### Task details
Without the pictures, repeat all of the data exactly as it appears below.

### Stored data
⟨

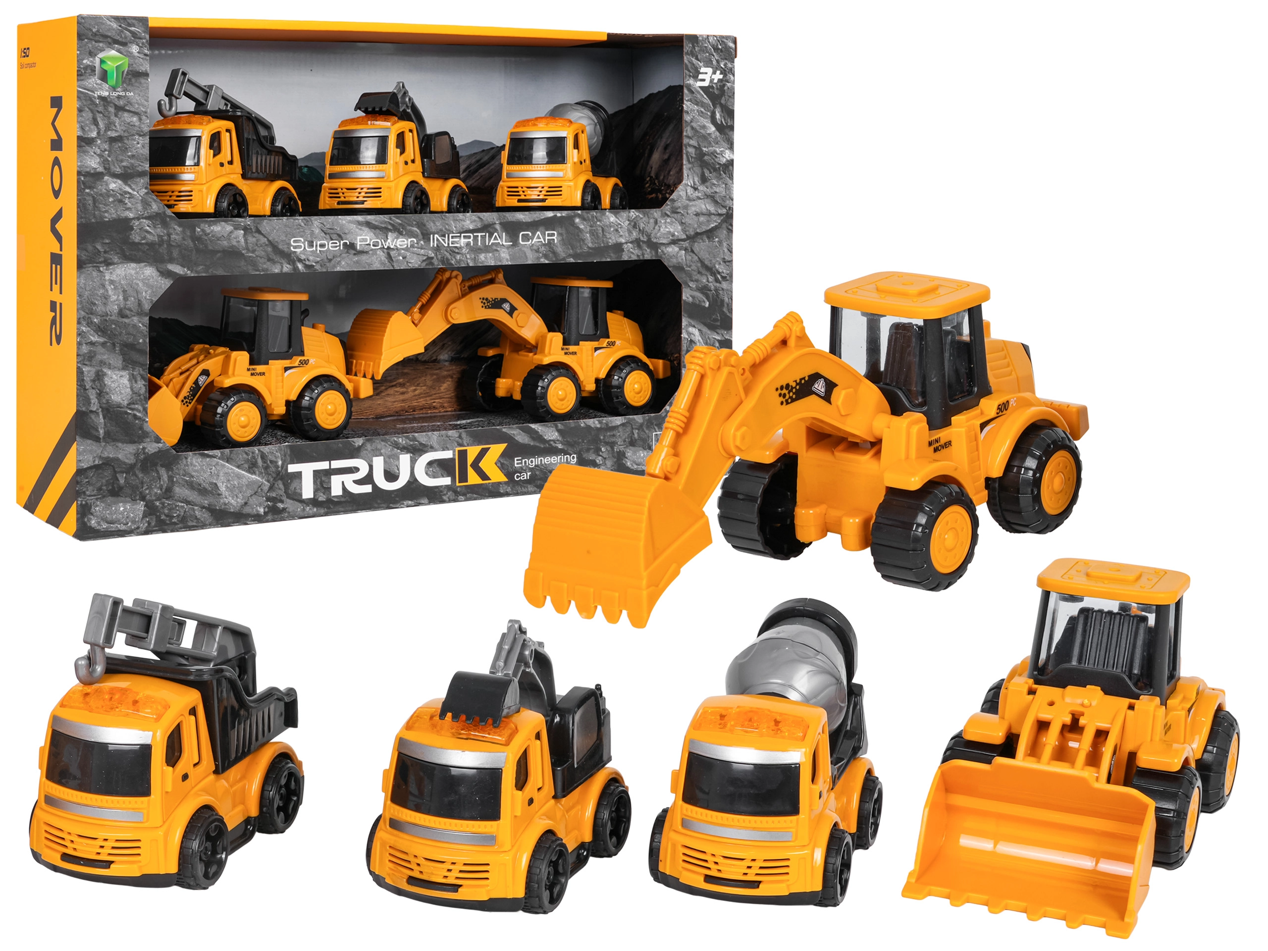 V sadě najdete: bagr, traktor-bagr, jeřáb, míchačku a buldozer. Každý model podporuje kreativní hru, koordinaci oko–ruka a rozvoj motoriky. Díky kompaktním rozměrům se snadno přenáší a skvěle se hodí i jako dárek.
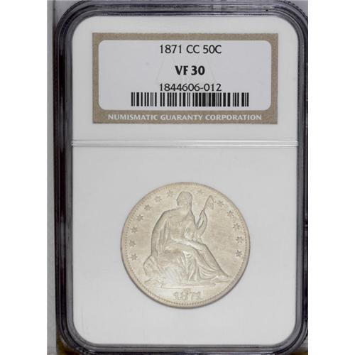<B>1871-CC<50C> VF30 NGC.</B></I> An early and scarce Carson City half dollar that retains ample glimpses of mint luster within protected areas of the design. A bold chestnut-gray piece with subdued, lightly marked surfaces. Census: 13 in 30, 23 finer (2/06).
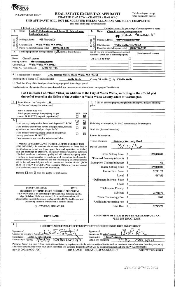 | 1 | 03/11/2016 | SWD | STATUTORY WARRANTY DEED | ECHTENKAMP LESLIE E & SUSAN M | ACUNA CLARA P | | | $179,000.00 | 129818 | 2016-01880 |
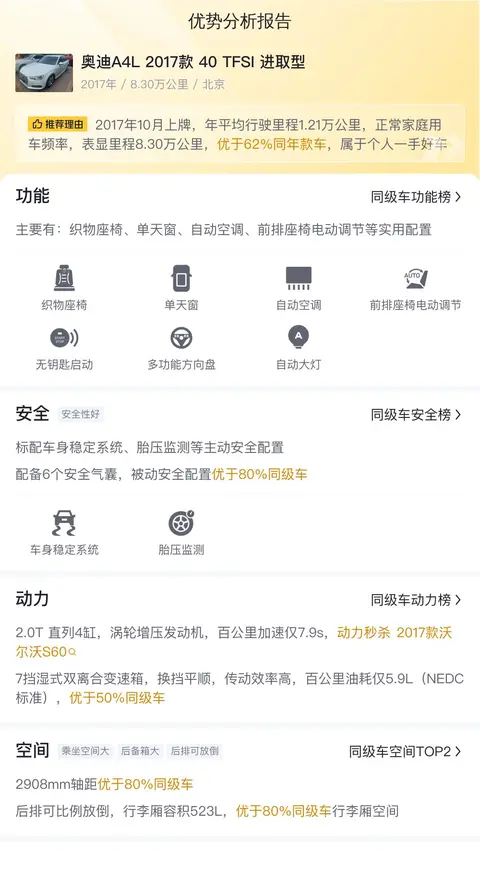综上所述的新车含税价、用车成本、市场行情、优势分析、同款比价等数据仅供参考。在配置部分,因为二手车非标品,车辆可能会存在配置改装的情况,具体车况信息需要线下结合车辆实际情况进行综合参考。

⟩

### Answer to the problem
 V sadě najdete: bagr, traktor-bagr, jeřáb, míchačku a buldozer. Každý model podporuje kreativní hru, koordinaci oko–ruka a rozvoj motoriky. Díky kompaktním rozměrům se snadno přenáší a skvěle se hodí i jako dárek.
<B>1871-CC<50C> VF30 NGC.</B></I> An early and scarce Carson City half dollar that retains ample glimpses of mint luster within protected areas of the design. A bold chestnut-gray piece with subdued, lightly marked surfaces. Census: 13 in 30, 23 finer (2/06).
 | 1 | 03/11/2016 | SWD | STATUTORY WARRANTY DEED | ECHTENKAMP LESLIE E & SUSAN M | ACUNA CLARA P | | | $179,000.00 | 129818 | 2016-01880 |
综上所述的新车含税价、用车成本、市场行情、优势分析、同款比价等数据仅供参考。在配置部分,因为二手车非标品,车辆可能会存在配置改装的情况,具体车况信息需要线下结合车辆实际情况进行综合参考。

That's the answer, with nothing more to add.